Dans l'entrée du Resto du Coeur de Charleroi, une dame âgée de soixante ans confie sa raison d'être là. Technicienne de surface, usée par le travail, elle vit du revenu d'insertion sociale du CPAS, soit un peu plus de 1200 euros par mois. Elle loue une chambre 400 euros par mois. Débourse plus de 200 euros pour le gaz, l'électricité et l'eau. Ensuite, il lui faut payer le reste, des assurances aux trajets en bus, et  vivre.
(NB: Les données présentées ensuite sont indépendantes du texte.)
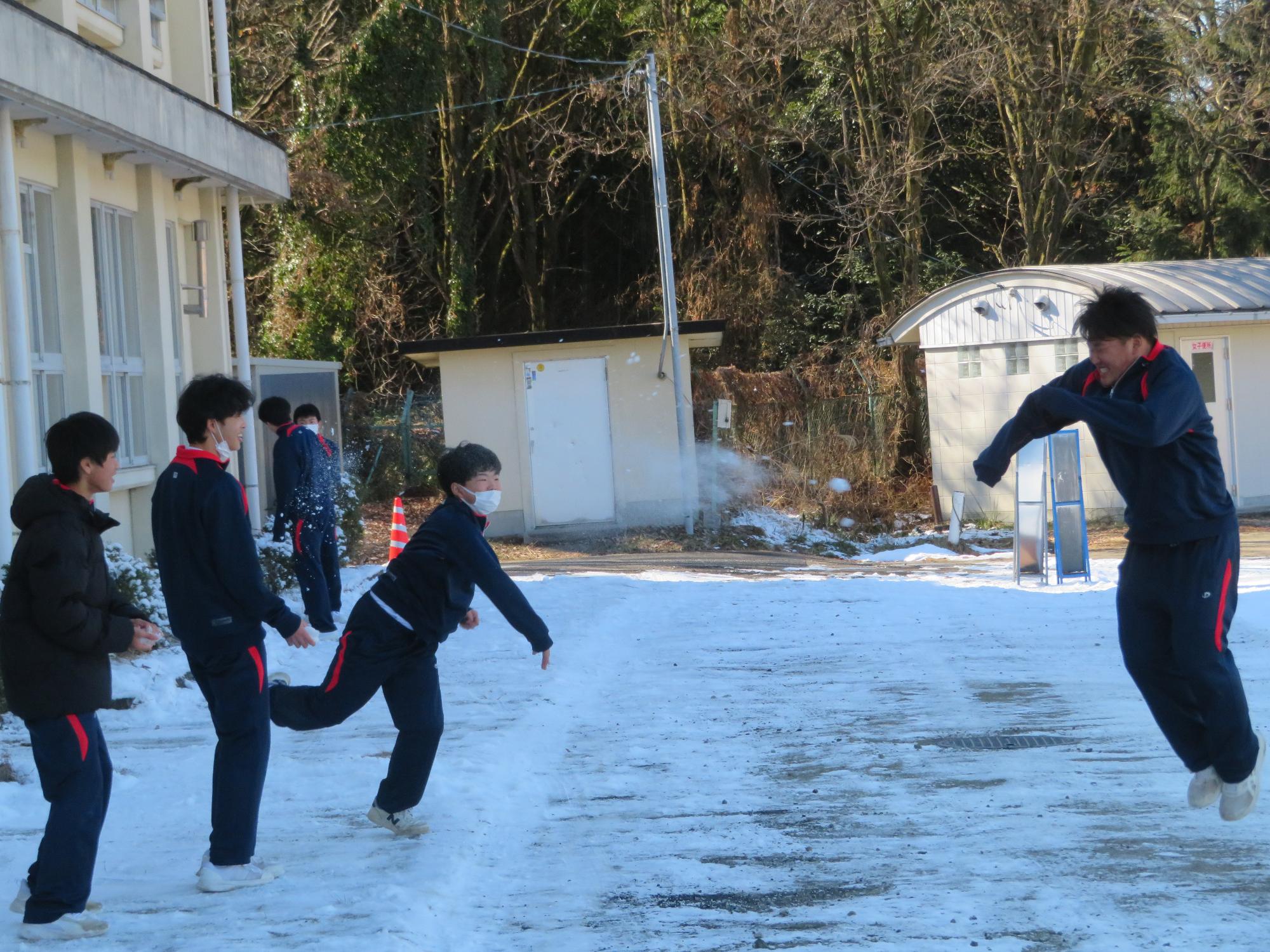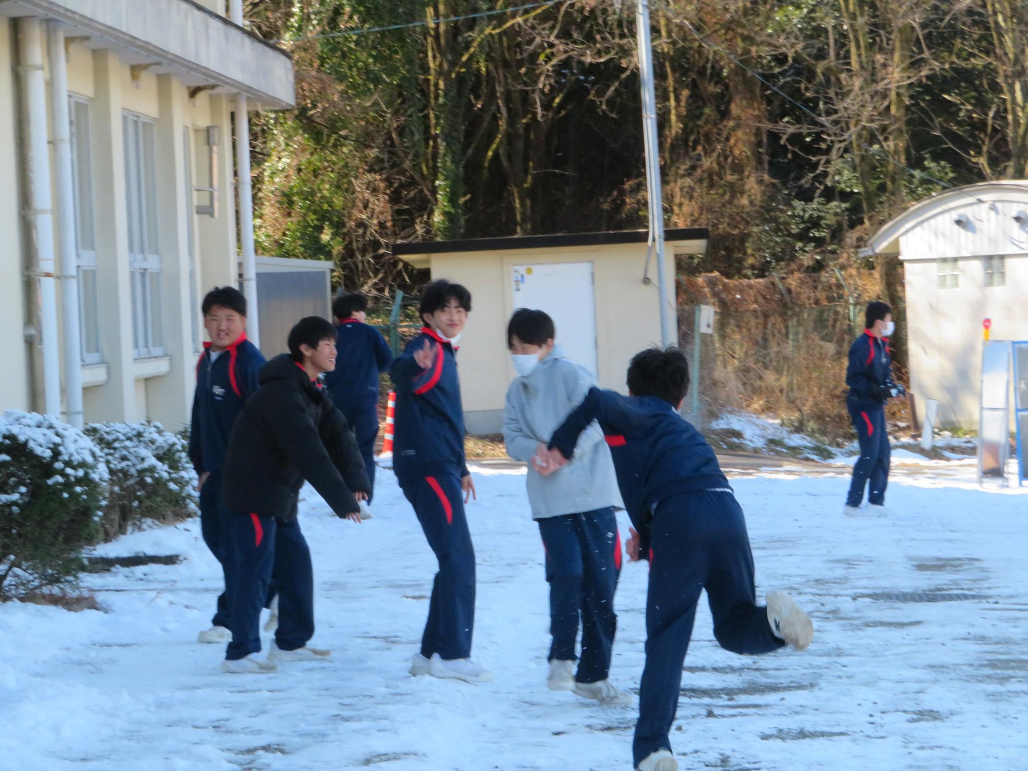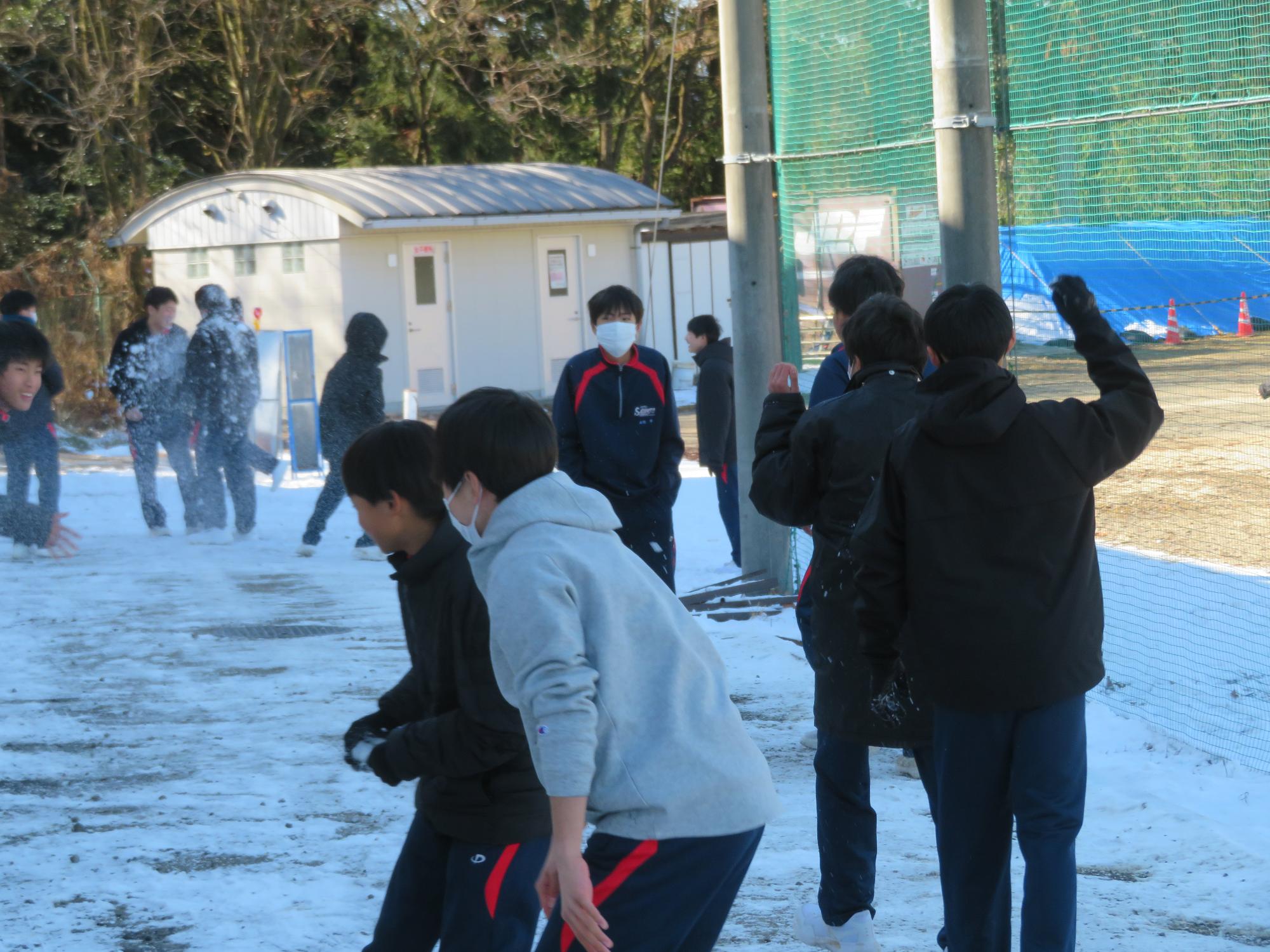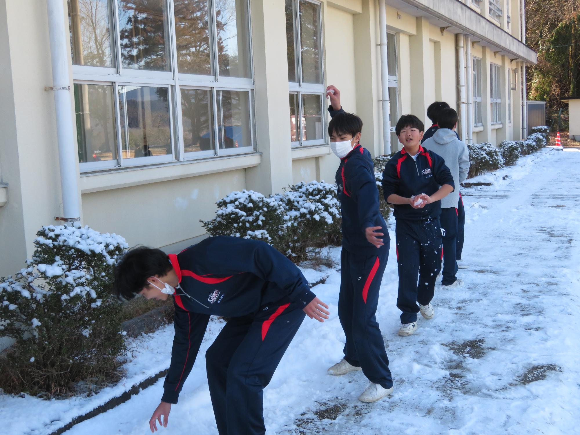 昼休みに雪合戦を楽しむ2年生

C'est pour cela qu'elle mange tous les midis de la semaine à la place Delferrière. Ici elle  se sent moins seule. Ecoutée. A la sortie,  elle emporte souvent un pain que Claude, le chauffeur de l'association, est allé chercher tôt le matin, chez des boulangers solidaires, chez des artisans ou dans les entrepôts de grandes surfaces.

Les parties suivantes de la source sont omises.